(Collected data entries)
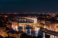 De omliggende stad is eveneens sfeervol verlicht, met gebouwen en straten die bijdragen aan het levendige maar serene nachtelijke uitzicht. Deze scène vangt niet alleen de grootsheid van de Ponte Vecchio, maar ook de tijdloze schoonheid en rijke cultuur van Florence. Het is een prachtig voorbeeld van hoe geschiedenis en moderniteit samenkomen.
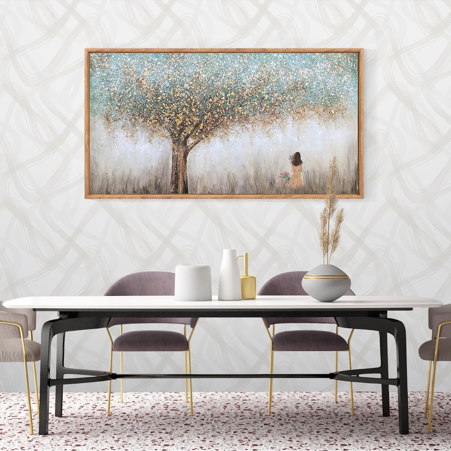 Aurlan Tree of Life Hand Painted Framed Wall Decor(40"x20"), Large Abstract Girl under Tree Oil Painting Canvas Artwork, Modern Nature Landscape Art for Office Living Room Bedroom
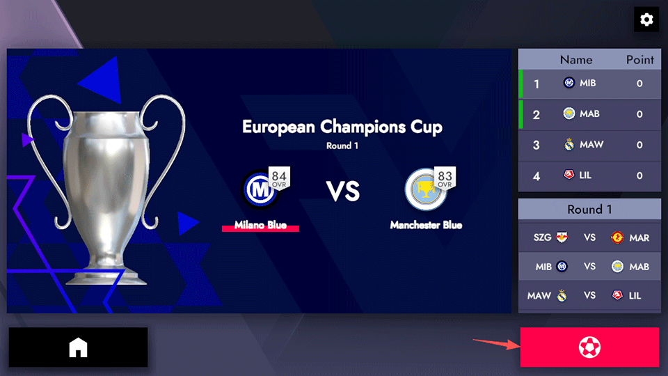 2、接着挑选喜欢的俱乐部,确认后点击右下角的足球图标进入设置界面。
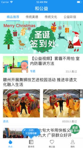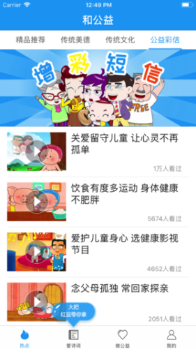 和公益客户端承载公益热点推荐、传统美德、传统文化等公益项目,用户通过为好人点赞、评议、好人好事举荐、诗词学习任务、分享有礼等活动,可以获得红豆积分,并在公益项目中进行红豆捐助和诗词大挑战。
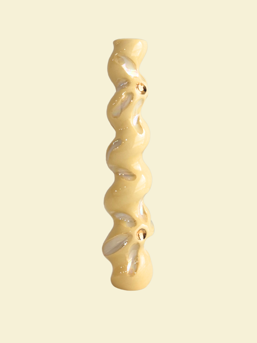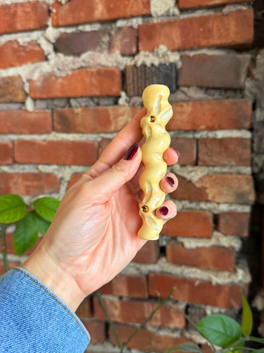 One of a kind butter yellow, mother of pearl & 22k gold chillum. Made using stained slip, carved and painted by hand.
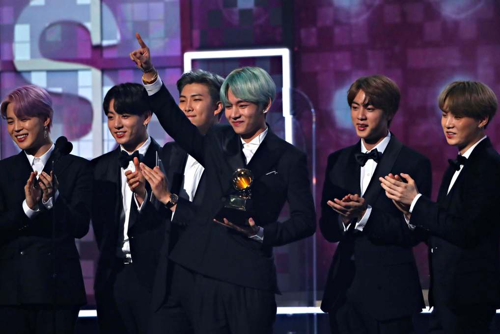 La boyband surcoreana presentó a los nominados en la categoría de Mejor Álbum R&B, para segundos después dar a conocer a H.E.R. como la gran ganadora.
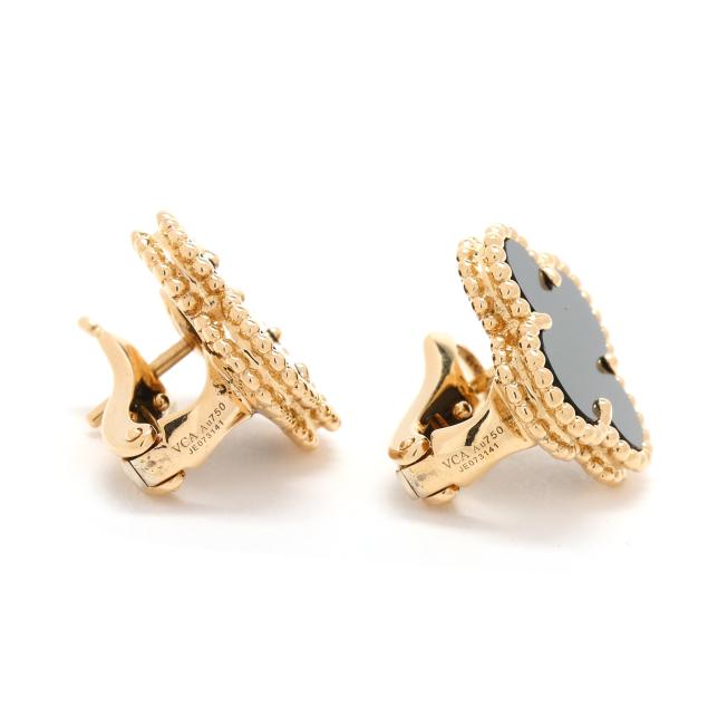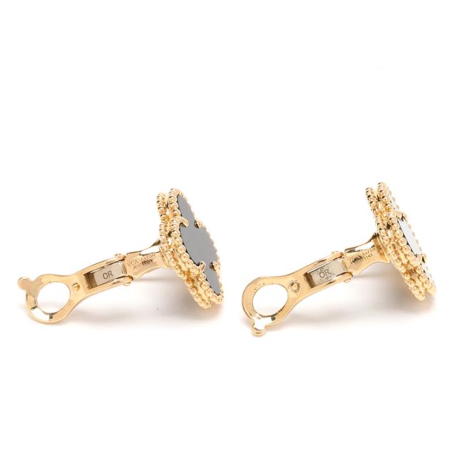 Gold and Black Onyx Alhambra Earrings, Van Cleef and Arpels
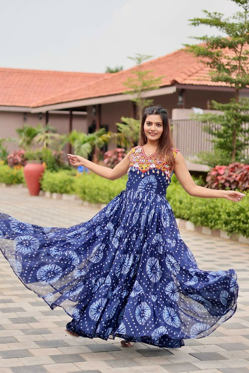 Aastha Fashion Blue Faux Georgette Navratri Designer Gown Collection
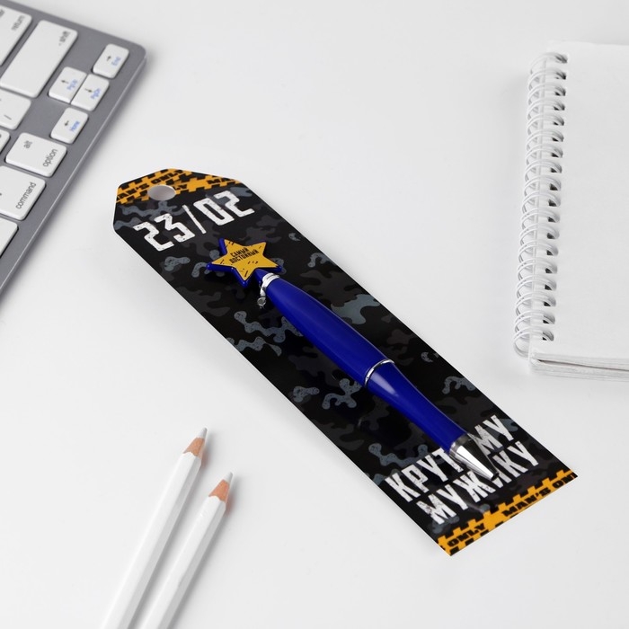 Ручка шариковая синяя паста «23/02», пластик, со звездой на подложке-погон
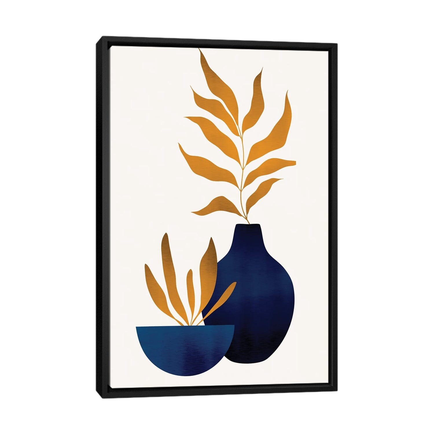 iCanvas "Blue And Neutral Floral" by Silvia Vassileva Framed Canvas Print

=== The problem ===
Leave out the pictures, and write out exactly the lines from the line containing "Gold and Black" through the end of the records above.

=== Exercise solution ===
 Gold and Black Onyx Alhambra Earrings, Van Cleef and Arpels
 Aastha Fashion Blue Faux Georgette Navratri Designer Gown Collection
 Ручка шариковая синяя паста «23/02», пластик, со звездой на подложке-погон
 iCanvas "Blue And Neutral Floral" by Silvia Vassileva Framed Canvas Print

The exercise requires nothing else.